Menurut peneliti Institut Pertanian Bogor (IPB), Mahmud A Raimadoya, penelitian di konsesi hutan tanaman industri PT Sebangun Bumi Andalas Wood Industries dan mitra kerja di Sumatera Selatan, yang merupakan pemasok bahan baku pulp PT Indah Kiat Pulp and Paper, menunjukkan stok karbon naik. Investor pun tinggal memilih, ingin mengembangkan bisnis hutan tanaman berbasis lacak stok karbon atau langsung memperdagangkan stok karbon, sambil menunggu daur tanam-panen tiba.
Pakar lahan gambut dari IPB, Basuki Sumawinata, menegaskan, peneliti harus cermat menghitung emisi karbon di lahan gambut.
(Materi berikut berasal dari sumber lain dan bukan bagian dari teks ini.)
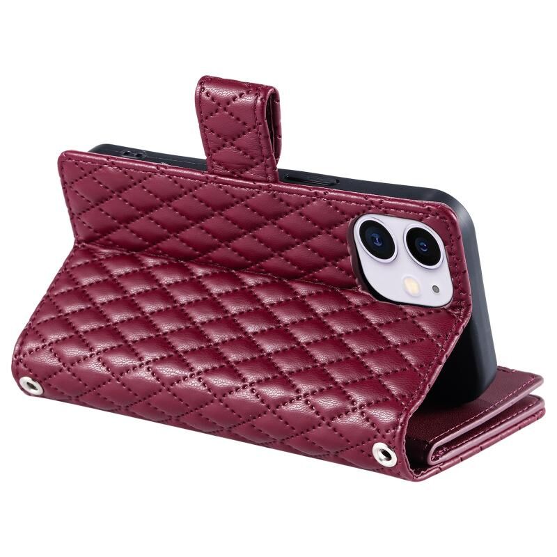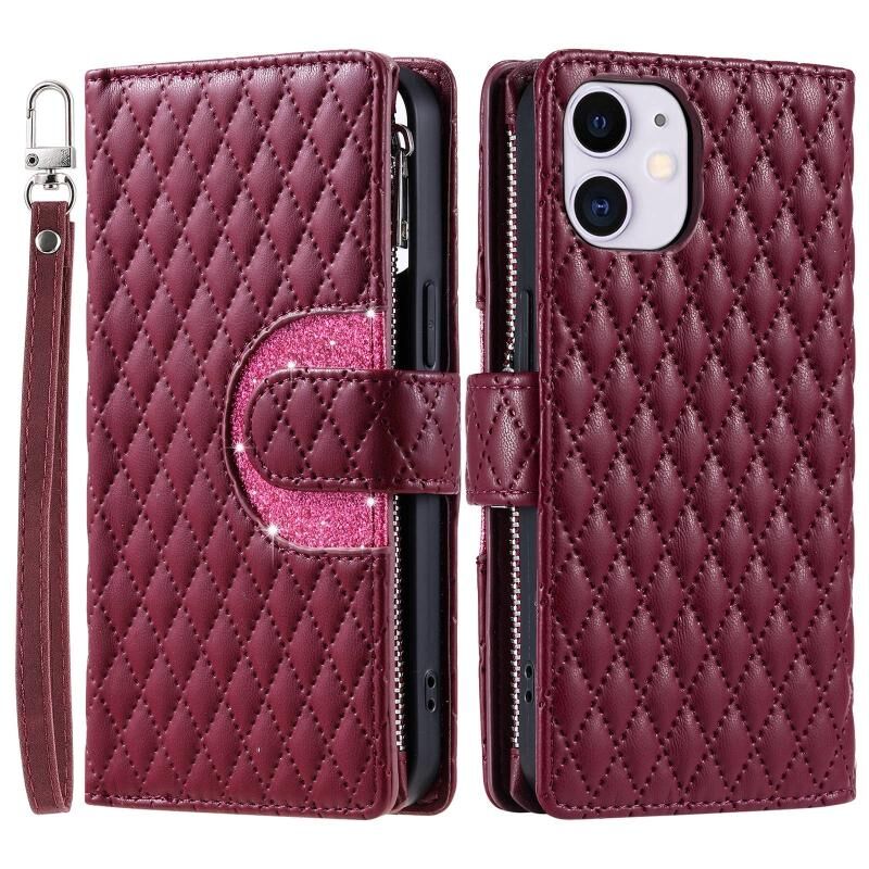 For iPhone 11 Glitter Lattice Zipper Wallet Leather Phone Case(Wine Red)

Penelitian harus meliputi musim hutan dan kemarau karena suhu, temperatur, dan kelembaban sangat memengaruhi emisi karbon.
"Selama ini ada blow up yang berlebihan soal lahan gambut. Emisi karbon rendah saat musim hujan atau banjir dan naik saat kemarau," ujar Basuki.
Simak breaking news dan berita pilihan kami langsung di ponselmu. Pilih saluran andalanmu akses berita Kompas.com WhatsApp Channel : https://www.whatsapp.com/channel/0029VaFPbedBPzjZrk13HO3D. Pastikan kamu sudah install aplikasi WhatsApp ya.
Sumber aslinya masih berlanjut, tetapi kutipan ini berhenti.